Task details
Would it be possible to output exactly, and only, the lines below from the one holding "考慮IP地址資源有限,因此,居民小區(q" to the last line, both included, with every picture left out?

Data for this task
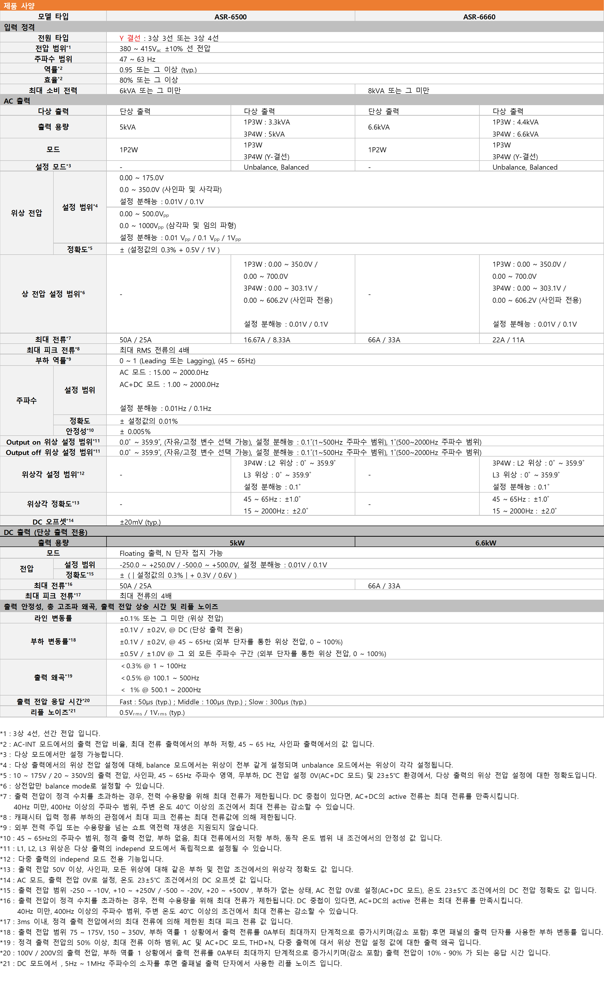 ASR-6000 시리즈는 ASR-6450 (AC/DC 4kVA), ASR-6600 (AC/DC 6kVA) 및 ASR-6500 (AC/DC 5kVA), ASR-6660 (AC/DC 6.6kVA) 4가지 모델로 분류되어 있습니다.
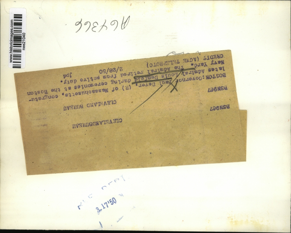 1950 Press Photo Paul Dever Congratulates Admiral Louis Denfeld Boston Navy Yard
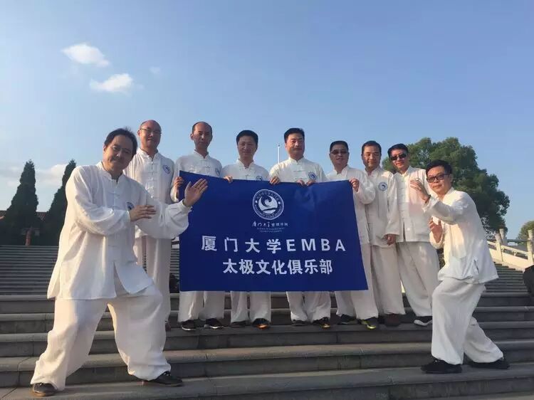 厦门大学EMBA太极文化俱乐部成立两年来,一直坚持着每周六集合跟着师傅学拳、练拳,学员们的身心都得到很好的修炼,已形成了一批太极拳忠实的粉丝。为丰富俱乐部活动,让同学们更好地一起修身养性,一起更广泛地去了解博深的中国传统文化和太极文化,除练拳外,俱乐部还组织开展了一系列活动,包括养生讲座、国学讲座、参加厦门国际太极比赛、参加校友们的各种活动表演等,近期也将陆续安排到陈家沟、金门等地交流学习。
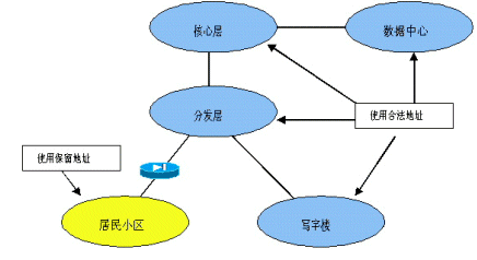 考慮IP地址資源有限,因此,居民小區(qū)接入用戶量大,地址使用效率低,因此在居民小區(qū)部分采用RFC 1519規(guī)定的保留地址,建議采用10.0.0.0。在每個(gè)小區(qū)的出口處配備地址轉(zhuǎn)換設(shè)備,實(shí)現(xiàn)保留地址和合法地址之間的轉(zhuǎn)換。
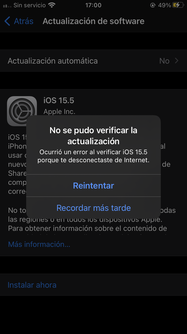 Disculpen pero mi iPhone actualmente me presenta fallas ya que no me deja realizar llamadas y al querer instalar la actualización que me pide me da error según por qué me desconecte de internet cuando siempre está conectado
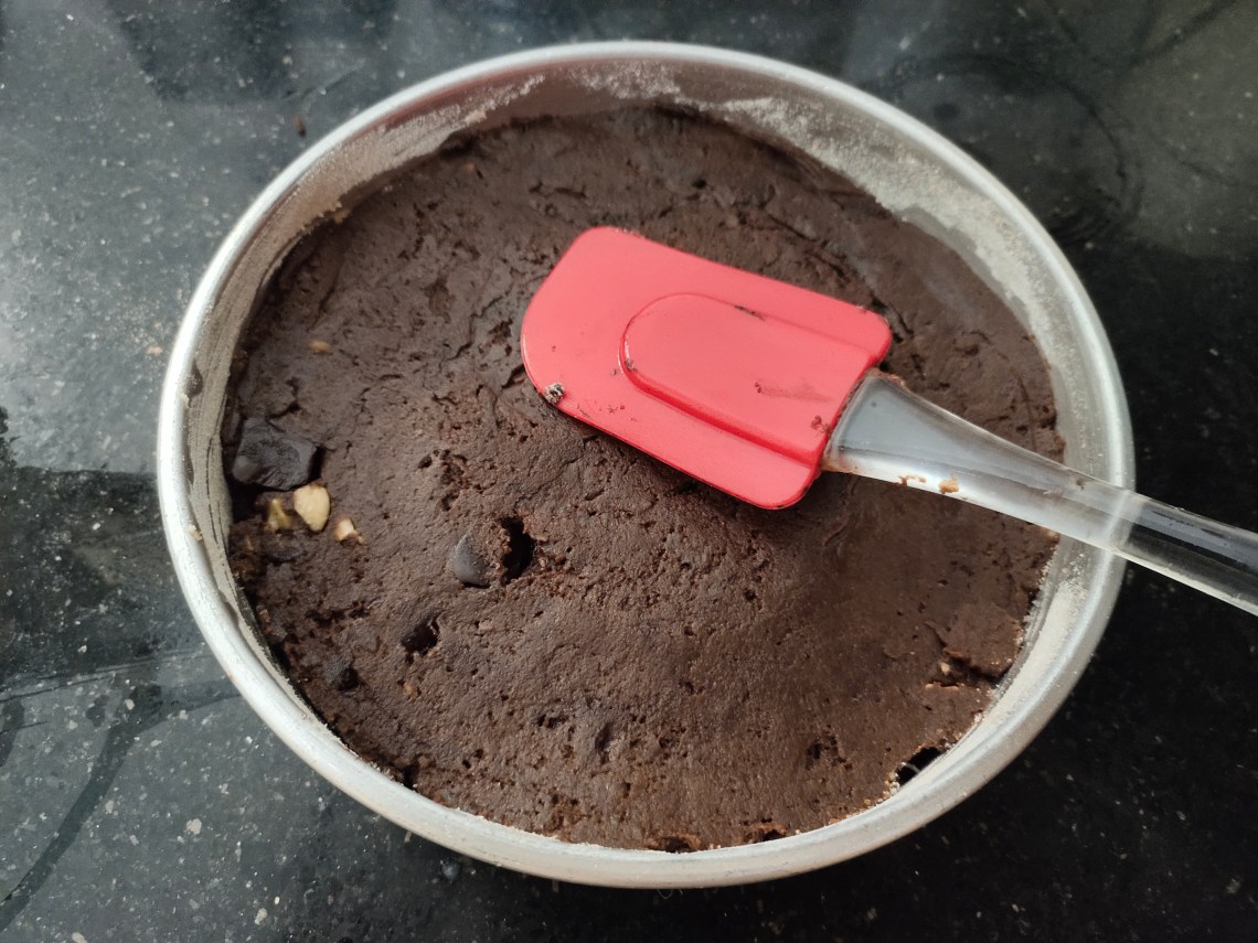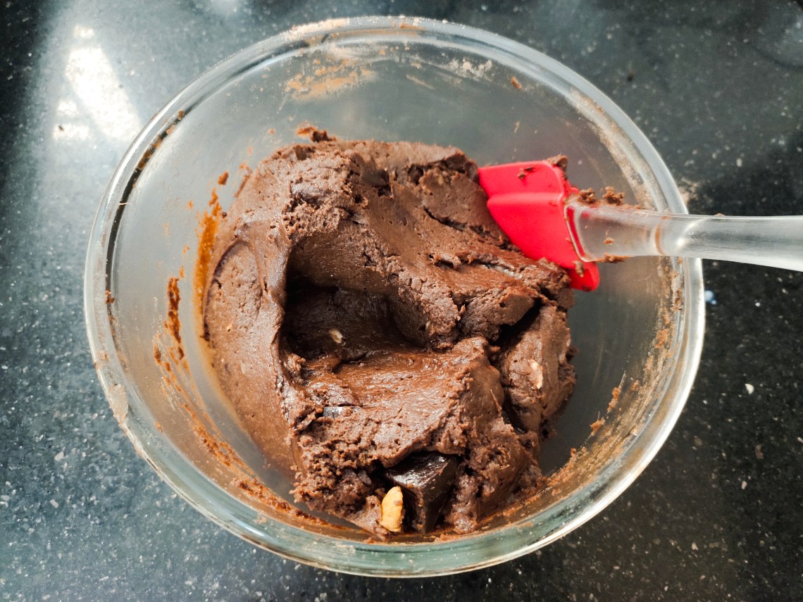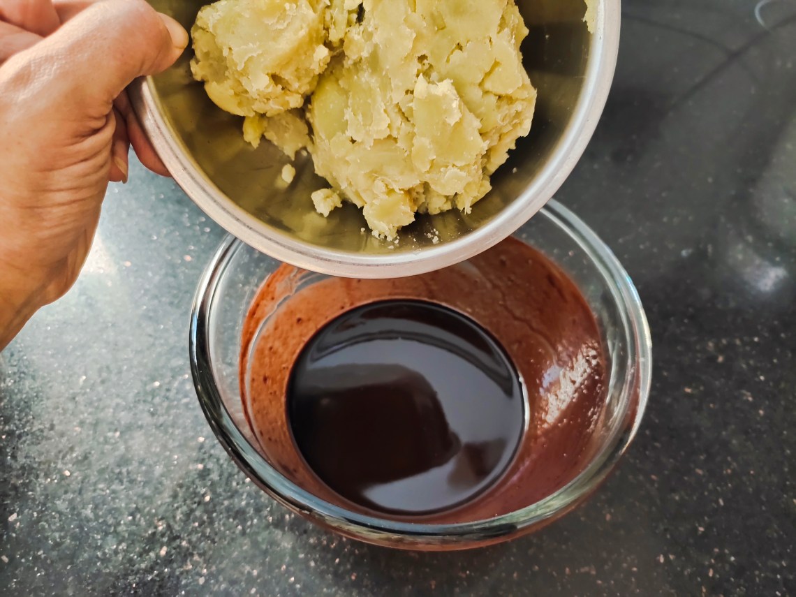 Add the smashed sweet potato to the melted butter chocolate mixture.

Answer space
 考慮IP地址資源有限,因此,居民小區(qū)接入用戶量大,地址使用效率低,因此在居民小區(qū)部分采用RFC 1519規(guī)定的保留地址,建議采用10.0.0.0。在每個(gè)小區(qū)的出口處配備地址轉(zhuǎn)換設(shè)備,實(shí)現(xiàn)保留地址和合法地址之間的轉(zhuǎn)換。
 Disculpen pero mi iPhone actualmente me presenta fallas ya que no me deja realizar llamadas y al querer instalar la actualización que me pide me da error según por qué me desconecte de internet cuando siempre está conectado
 Add the smashed sweet potato to the melted butter chocolate mixture.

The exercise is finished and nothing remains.